A 62 years oled male presented with severe chest pain and hypotension after vomiting.
Ct shows bilateral pleural effusion and pneumomediastinum to the aorta and to the right of the oesophagus. Subsequent CT with oral contrast shows dense contrast in the oesophagus (arrow) and leakage into the irregular complex right mediastinal collection.
The diagnosis is Boerhaave syndrome.
Spontaneous rupture of the oesophagus during vomiting.
May follow alcohol ingestion or lage meal.
Rupture typically located at the left subdiaphragmatic portion of the oesophagus.

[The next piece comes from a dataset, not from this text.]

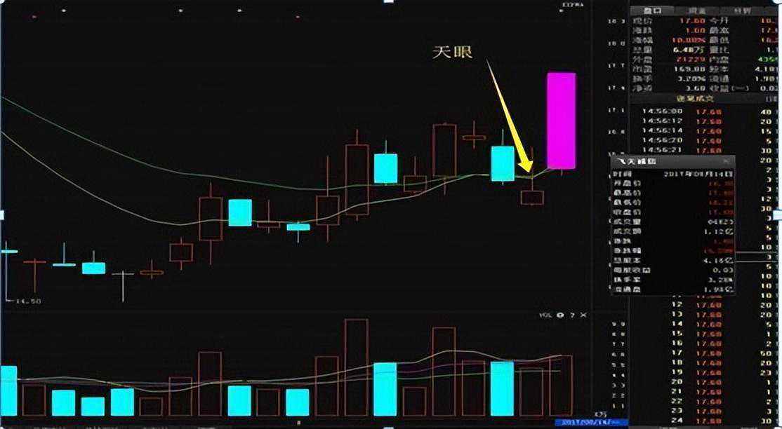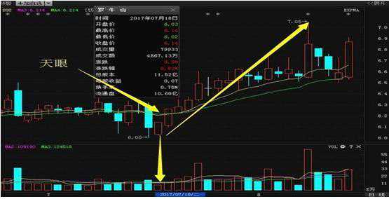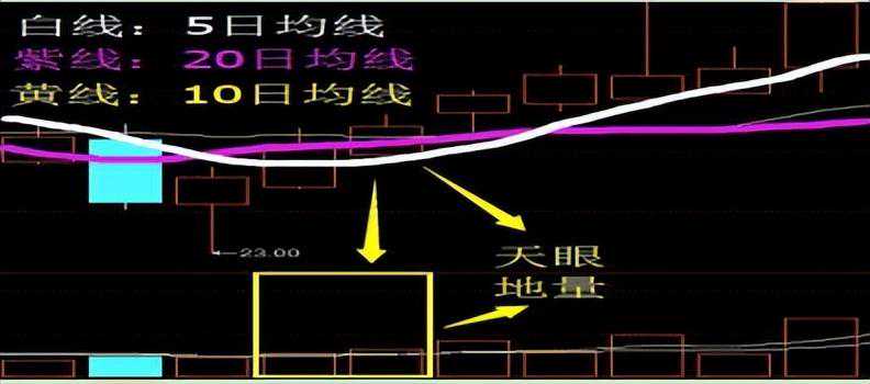 2、5日均线下穿和上穿20日均线两次动作闭合,看起来像眼睛一样,称为天眼。

Classical presentation: Mackler traid:
-Vomiting
-Severe chest pain
-Subcutaneous emphysema
I was diagnosed as HEPATITIS B carrier in 2013 with fibrosis of the
ReplyDeleteliver already present. I started on antiviral medications which
reduced the viral load initially. After a couple of years the virus
became resistant. I started on HEPATITIS B Herbal treatment from
ULTIMATE LIFE CLINIC (www.ultimatelifeclinic.com) in March, 2020. Their
treatment totally reversed the virus. I did another blood test after
the 6 months long treatment and tested negative to the virus. Amazing
treatment! This treatment is a breakthrough for all HBV carriers.